You can do it by induction on $k$. When the $(A_i)$ verify the properties you described, let us say that they check the property $P_k(c_1,\ldots,c_k)$. We want to prove that in this case, $$ \left|\bigcup_{1 \leqslant i < j \leqslant k} A_i \cap A_j\right| = f_k(c_1,\ldots,c_k), $$ for some function $f_k$. As you wrote it, we have $f_2(c_1,c_2) = c_2$.

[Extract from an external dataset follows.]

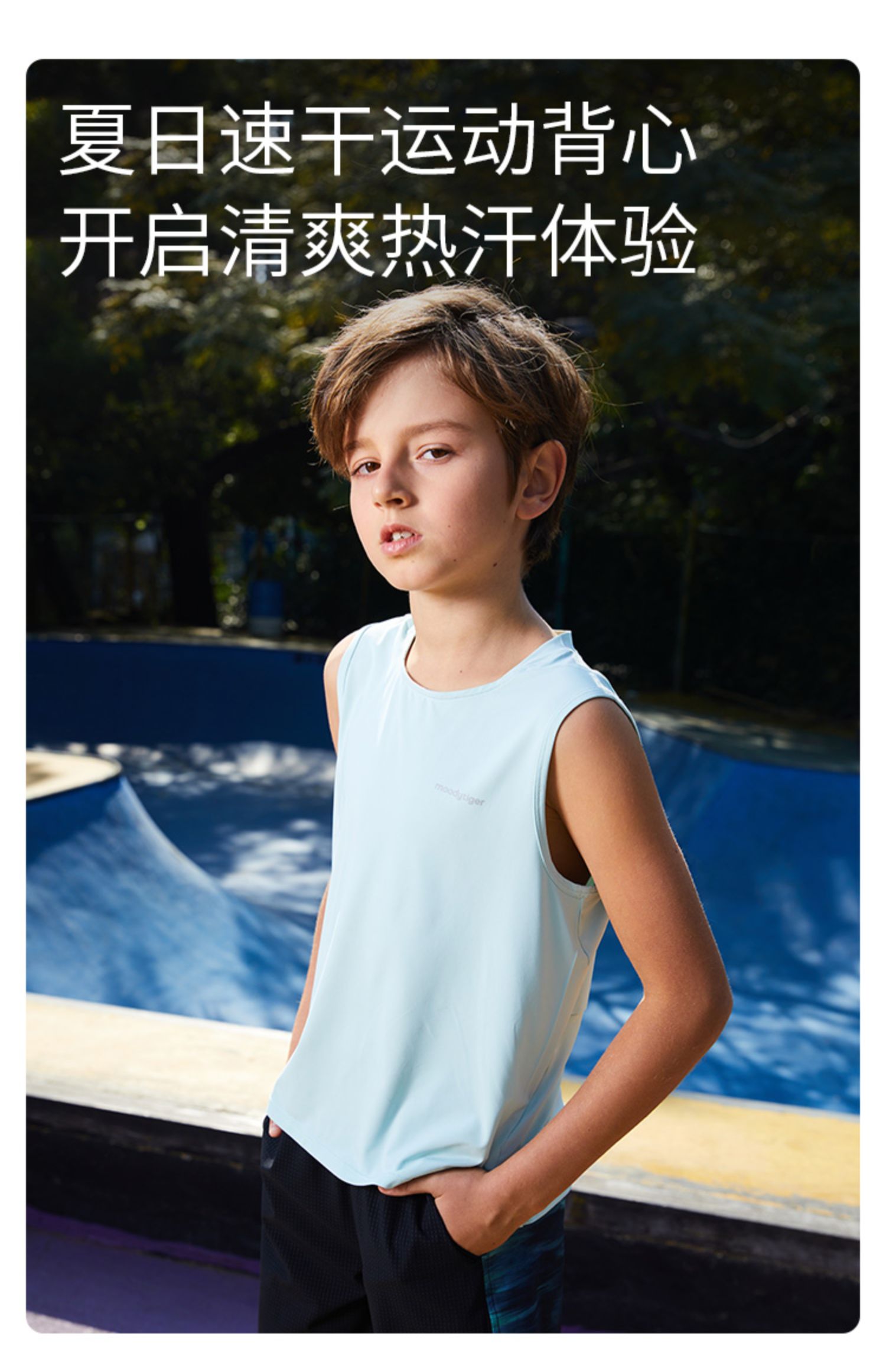 【DR暑假】moodytiger儿童背心夏季新款男童中大童防晒速干运动背心32111101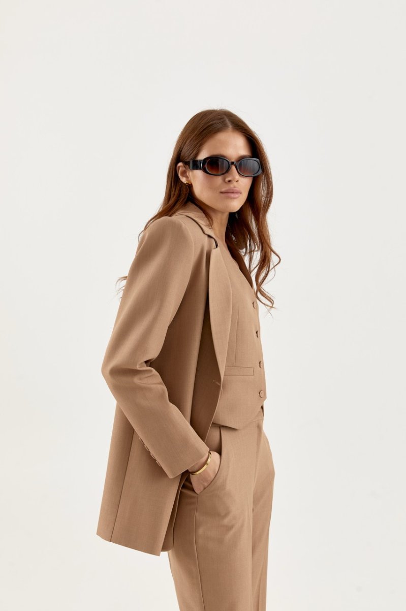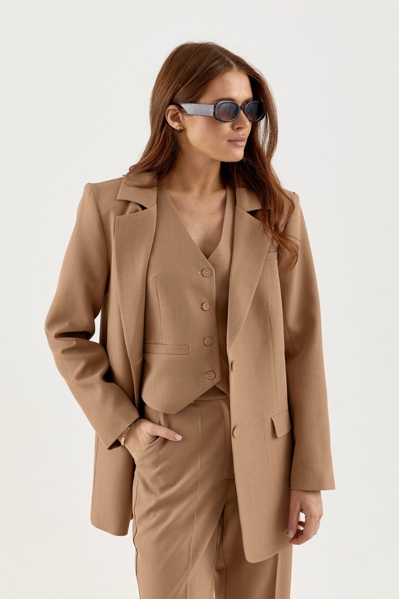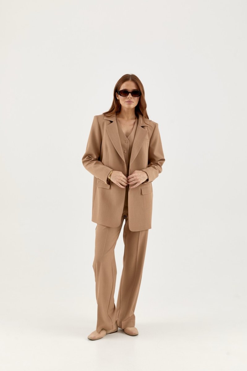 Элегантный карамельный женский пиджак классического кроя – универсальная база для стильного и современного гардероба. Выполнен из качественной костюмной ткани, держит форму и обеспечивает комфорт в течение дня. Модель имеет свободный силуэт с акцентом на плечах, лацканы средней ширины, застёжку на пуговицы и карманы с клапанами. Насыченный цвет делает пиджак идеальным как для офисных луков, так и для вечерних образов. Легко сочетается с брюками, юбками и платьями, добавляя элегантности и уверенности.

Assume that such an $f_{k - 1}$ exists at rank $k - 1$. We have, $$ \bigcup_{1 \leqslant i < j \leqslant k} A_i \cap A_j = \bigcup_{1 \leqslant i < j \leqslant k - 1} A_i \cap A_j \cup \bigcup_{1 \leqslant i \leqslant k - 1} A_i \cap A_k. $$ Let $$ B = \bigcup_{1 \leqslant i < j \leqslant k} A_i \cap A_j, \qquad C = \bigcup_{1 \leqslant i < j \leqslant k - 1} A_i \cap A_j, \qquad D = \bigcup_{1 \leqslant i \leqslant k - 1} A_i \cap A_k. $$ Therefore, $B = C \cup D$. Notice that $(A_1,\ldots,A_{k - 1})$ verify $P_{k - 1}(c_1,\ldots,c_{k - 1})$, thus by induction, $|C| = f_{k - 1}(c_1,\ldots,c_{k - 1})$. To compute $|D|$, use the Poincaré formula, $$ |D| = \sum_{j = 1}^{k - 1} (-1)^{j - 1}\sum_{1 \leqslant i_1 < \cdots < i_j \leqslant k - 1} |A_{i_1} \cap \cdots \cap A_{i_j} \cap A_k| = \sum_{j = 1}^{k - 1} (-1)^{j - 1}\binom{k - 1}{j}c_{j + 1} $$ And for the cardinality of $C \cap D$, notice that $x \in C \cap D$ is equivalent to $x \in A_i$ and $x \in A_j$ for two distinct $1 \leqslant i < j \leqslant k - 1$ and $x \in A_i \cap A_k$ for some $i$. $x \in A_i$ is automatically fullfilled by the first condition, thus $x \in C \cap D$ is equivalent to : $x$ belongs to at least two $A_i$ ($i \leqslant k - 1$) and $x \in A_k$. Finally, $$ C \cap D = \bigcup_{1 \leqslant i < j \leqslant k - 1} A_i \cap A_j \cap A_k = \bigcup_{1 \leqslant i < j \leqslant k - 1} (A_i \cap A_k) \cap (A_j \cap A_k) $$ Now, notice that $(A_1 \cap A_k,\ldots,A_{k - 1} \cap A_k)$ verify $P_{k - 1}(c_2,\ldots,c_k)$ so by induction, $|C \cap D| = f_{k - 1}(c_2,\ldots,c_k)$. Finally, $f_k$ exists and, $$ f_k(c_1,\ldots,c_k) = f_{k - 1}(c_1,\ldots,c_{k - 1}) - f_{k - 1}(c_2,\ldots,c_k) + \sum_{j = 1}^{k - 1} (-1)^{j - 1}\binom{k - 1}{j}c_{j + 1}. $$ For example, we find the result you gave with $k = 3$, $$ f_3(c_1,c_2,c_3) = f_2(c_1,c_2) - f_2(c_2,c_3) + 2c_2 - c_3 = c_2 - c_3 + 2c_2 - c_3 = 3c_2 - 2c_3 $$ Moreover, a trivial induction show that $f_k$ is a linear form in $(c_2,\ldots,c_k)$ with coefficients in $\mathbb{Z}$ (it doesn't depend on $c_1$ and the hypothesis that all $A_i$ have the same cardinality is actually useless). However, the recursion formula is quite complicated and I don't think we can explicite $f_k$ for all $k$, but we can do it at least for small values of $k$ thanks to the induction formula.